Emerging markets rewards loyal investors with an astonishing 26 per cent return last year
Emerging market stocks and shares returned an astonishing 26 per cent last year, with China leading the charge.
Stocks in the Asia Pacific region also did well, returning around 25 per cent. Emerging giants Brazil, Russia, India and China were flying high a decade ago, but the last five years have been tough.
However, loyal investors have now been rewarded by a blistering performance over the last 12 months.

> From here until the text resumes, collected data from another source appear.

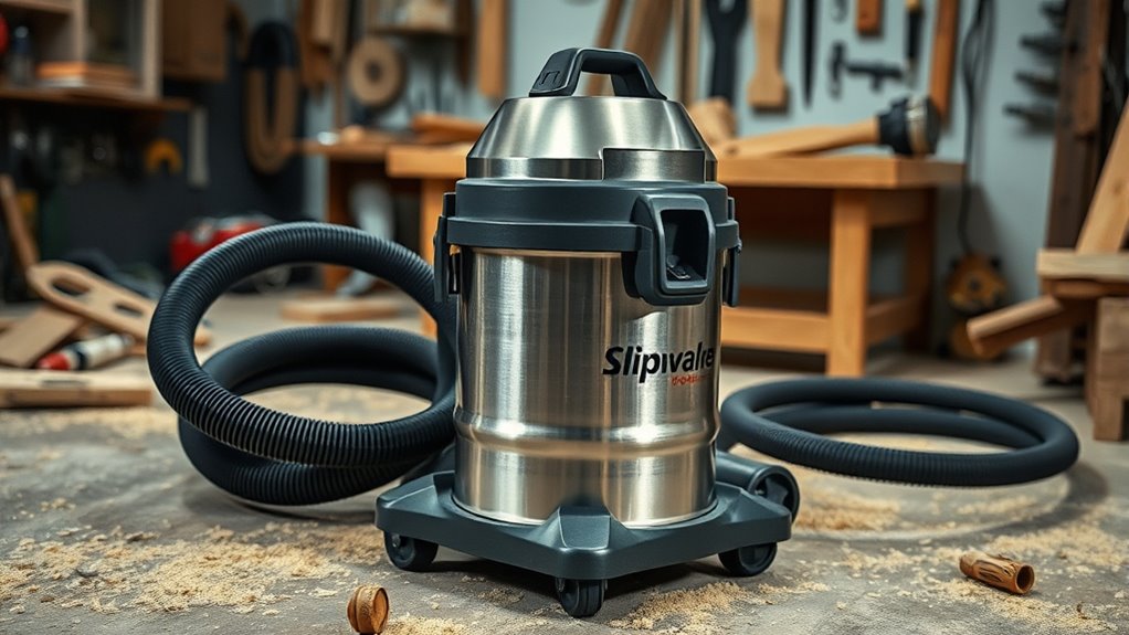 Typically, shop vacuums produce noise levels around 70 to 85 decibels, which can be quite loud. You’ll notice the noise during operation, especially with powerful models. Some vacuums have noise reduction features, but generally, their decibel ratings indicate they’re louder than regular household vacuums. Be prepared for a noisy environment, and consider ear protection if you’re working nearby for extended periods.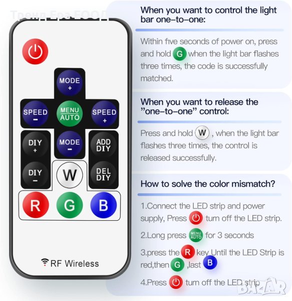 Светодиодното управление с 14 клавиша съдържа батерии с размер на монета. мини rf дистанционно управление. Ако контролерът е много горещ по време на употреба, моля, дайте светлинните ленти с отделно захранване или с помощта на усилватели. Предлага се с 3-пинов JST конектор и DC женски конектор. Поддържа всички LED продукти с 3 PIN единичен сигнал IC чип. Дистанционното може да съответства само на един приемник. Едно дистанционно също може да управлява много приемници. Просто включете и пуснете. Не е необходимо запояване. Автоматично запазване на потребителските настройки при изключване. Може да регулира реда на цветовете RGB GRB BRG и т.н. Когато натиснете зелено, светодиодът свети в червено. Това не е проблемът с качеството, моля, прочетете ръководството за потребителя и го настройте правилно.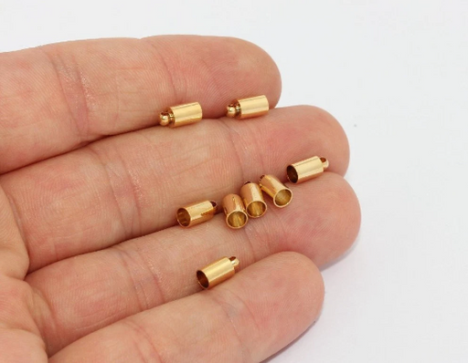 4x8mm 24 Ayar Parlak Altın Boncuk Başlıkları, İç Boyut 3,5 mm, Kordon MTE1156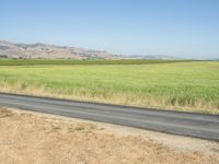 This is an image of a rural landscape in California, USA. The photo shows a road made of asphalt cutting through a vast plain covered in grass. It is a bright day with clear skies, highlighting the natural environment of the area. The grass surface extends as far as the eye can see, reflecting the agricultural land lot that surrounds the road. This image captures the beauty of the California countryside, with its expansive fields and scenic prairies.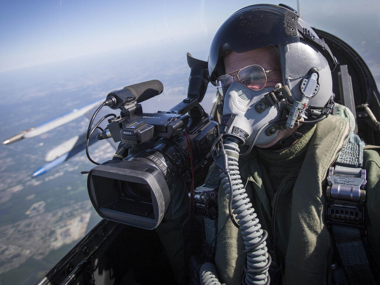 Naast Arnoud is er ook adjudant Eva Klijn. Zij is halverwege de 11 maanden durende opleiding en ze moet haar brevet dus nog verdienen. Zodra dat gebeurt, mag ook Eva zich officieel Aerial Photographer noemen en draagt ze de bijpassende wing op haar overall. Tot die tijd is Arnoud de enige echte luchtfotograaf. Hij zit sinds 2000 op die functie. Inmiddels klokte hij ruim 900 vlieguren en hij heeft een ‘ton’ aan ervaring. Dat is geen overbodige luxe, want luchtfotografie houdt veel meer in dan je kunt bedenken. Vaak zijn bij air-to-air opnamen manoeuvres gewenst die vliegers niet dagelijks maken of waarbij toestellen in formatie moeten vliegen. Luchtfotografen moeten daarom naast een bekwaam fotograaf ook veel van vliegen afweten.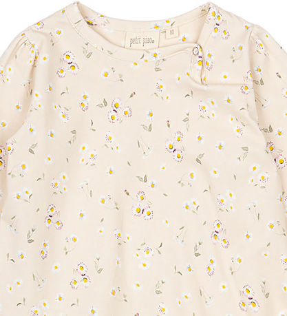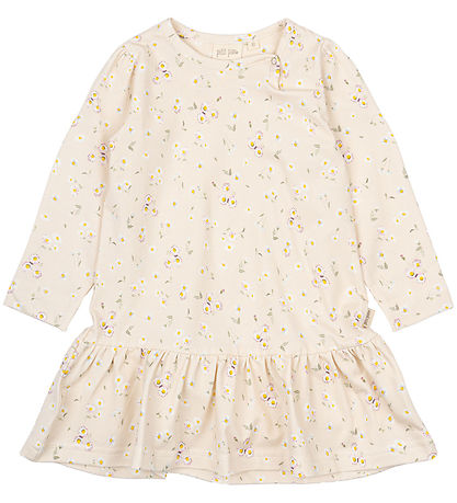 Beautiful Petit Piao Dress with long sleeves in beige with an all-over floral print. The Dress has a nice ruffled finish and opens with a push-botton at the left shoulder.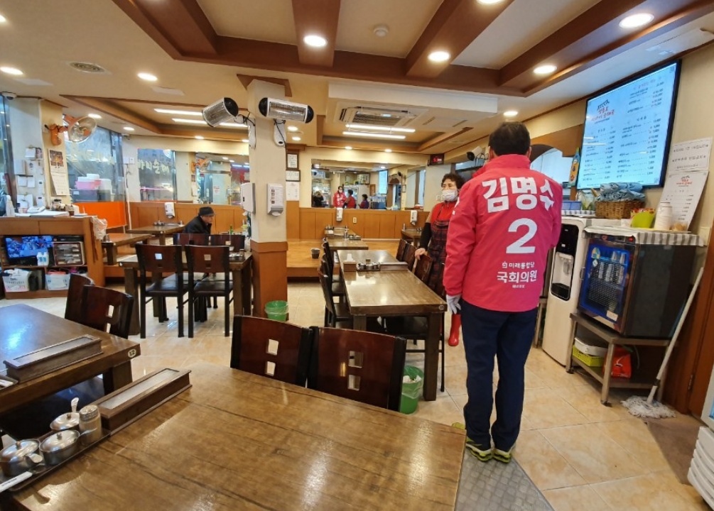 ▲ 코로나19에 따른 영등포 전통시장 내 텅빈 식당 안 모습(사진=김명수 예비후보자사무실 제공)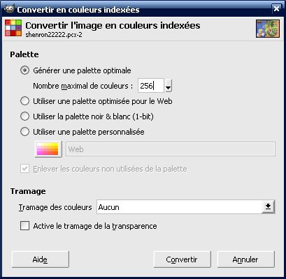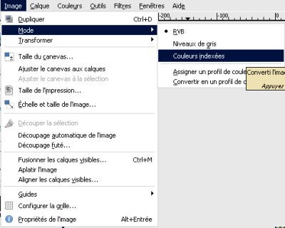 Dans cette fenêtre justement, allez dans le menu "Image", puis "Mode" et sélectionnez "Couleurs Indexées".

Tom Stevenson, investment director at fund manager Fidelity International, said 2017 saw global stock markets produce stellar returns with several indices hitting all-time highs, including the UK’s FTSE 100: “Despite fears of a global recession and geopolitical tensions with North Korea, 2017 was a vintage year for investors.”
European stock markets grew almost 17 per cent, while Japanese and UK markets rose more than 13 per cent, and the US around 11 per cent.
However, it was a tough year for bond investments, with corporate, inflation-linked and government bonds all dipping slightly.
Investors should be careful about chasing past performance, but Stevenson said emerging markets and Asia should generate strong returns: “Longterm growth remains intact and valuations are reasonable.”
He also tipped Europe: “This is our favoured regional market thanks to a combination of good growth, a supportive central bank and reasonable valuations.”